The brown-haired girl in the high-necked gown was smiling at Joe. She was quite attractive, and he at once caught the strong family resemblance to Judy. Glancing back at Judy briefly now, Joe saw that she was deeply asleep.

He turned back. He wasn't exactly used to this sort of an experience yet, but similar things had happened to him before and he could handle them. He returned the smile. "I think," he said, "that I spoke to you on the telephone once, Miss."

"It's Mrs. Harker, actually." Her voice was soft and charming, slightly British. "But please call me Mina. Vlad has told me a good deal about you, and I really feel we are already friends. And since we are sharing a ride tonight I wanted to say hello. And to reassure you, perhaps, on one or two points in connection with these recent—events, that have been so distressing."

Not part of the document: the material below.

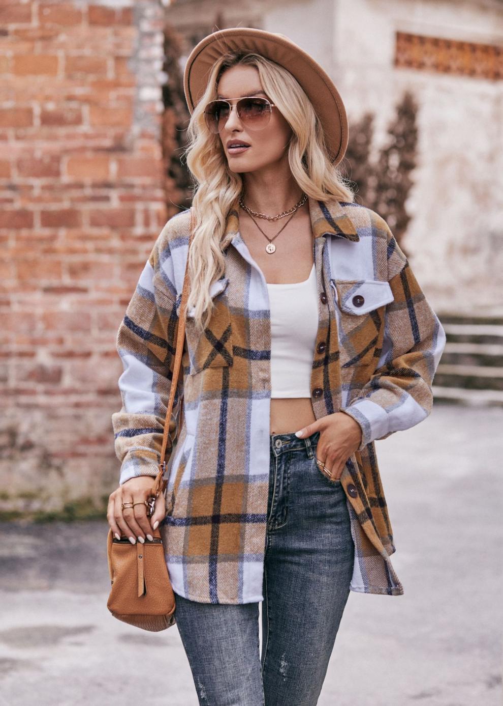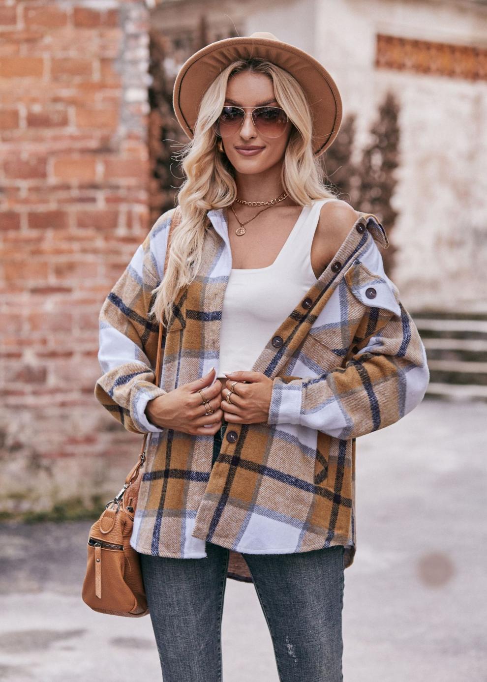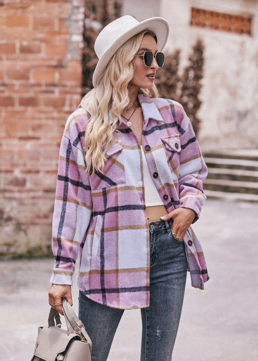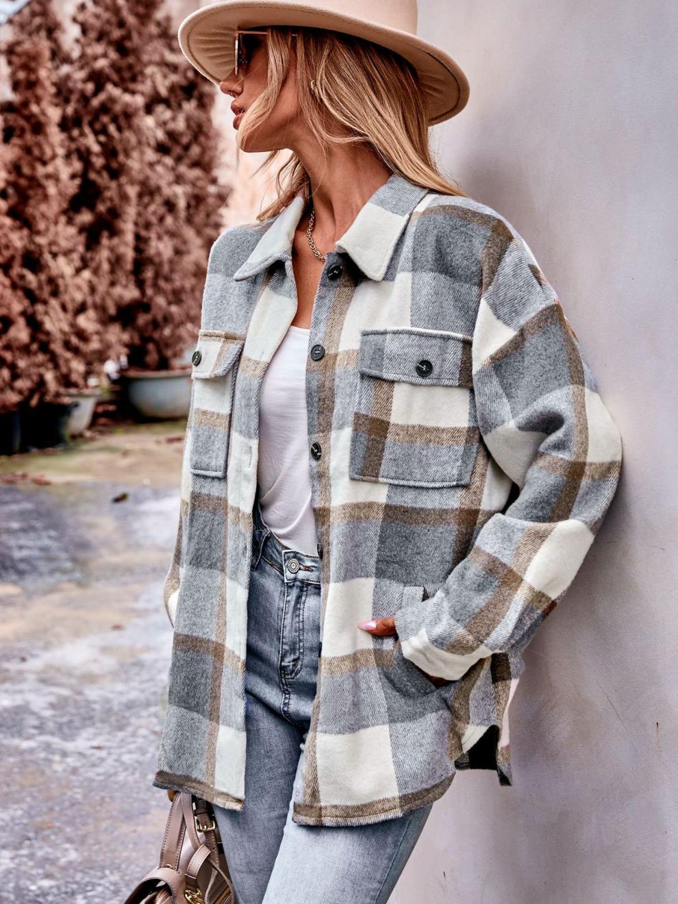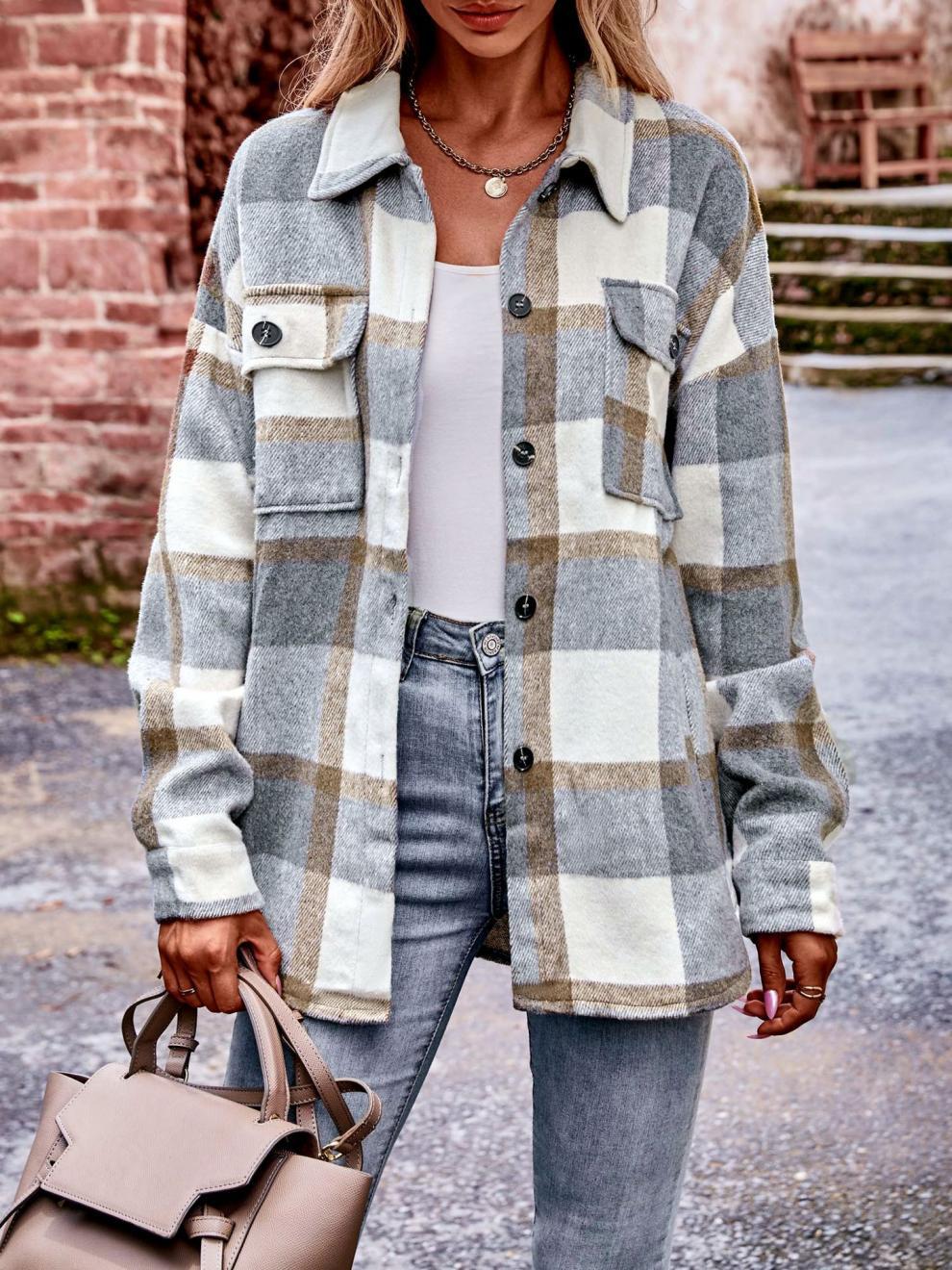국경 간 유럽과 미국의 가을과 겨울 새로운 셔츠 아마존 여성 거리 격자 무늬 재킷 싱글 브레스트 카디건 여성

A stewardess, passing in the aisle, looked vaguely unsettled by the sight on an unremembered passenger. But the stewardess naturally had plenty of other things to worry about already—there was no problem, really, with a pleasant-looking, undemanding young woman who simply sat chatting with a man. No need to concern oneself; and Joe's understanding grew of how the whole vampire business could remain a secret even while it went on and on and on.

"Well," said Joe, "I'm glad you say 'reassure'. The one kid, Pat O'Grandison, is still missing, and the painting also. And Mr. Thorn, of course. Otherwise there are just bodies all over hell, in mansions, in Jeeps, in garages and old adobe ruins."

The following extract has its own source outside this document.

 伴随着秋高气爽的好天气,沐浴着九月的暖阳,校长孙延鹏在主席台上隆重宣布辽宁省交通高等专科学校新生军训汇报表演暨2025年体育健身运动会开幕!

"Yes," Mina agreed with a sigh. "It has been a terrible business. Just terrible." She looked at her nails, as any young lady might. They were neatly manicured, Joe noted, and not very long. Certainly nothing at all talonish, not at the moment anyway. She added: "And I don't think they are going to have any success in looking for the painting."

"Oh no?"

"It is my feeling that the real owner might by now have put it away safely somewhere."

"Oh." Joe turned his head to glance once more at Judy, who had not moved. "According to Judy, he was rather crazy, there at the end. She says it was very lucky that you showed up when you did. I was wondering . . ."

Mina smiled again. "Vlad's going to talk to you himself," she said. "Say hello to Kate for me. If you think it wise." She leaned back, and was gone. But the seat remained empty only for a moment.

Joe flinched, just slightly. He couldn't help himself.

If Thorn noticed that infinitesimal recoil, he gave no indication. He smiled lightly at Joe and patted him on the arm. "Thank you, Joe, for your support."

Joe tried to make his arm relax on the seat divider. "You're welcome. Er . . . ah . . . Mina told me there's no use out looking for that painting any longer?"

"Your sense of justice, Joe, may be soothed to know that for the first time in centuries, it is now in the hands of its true owner."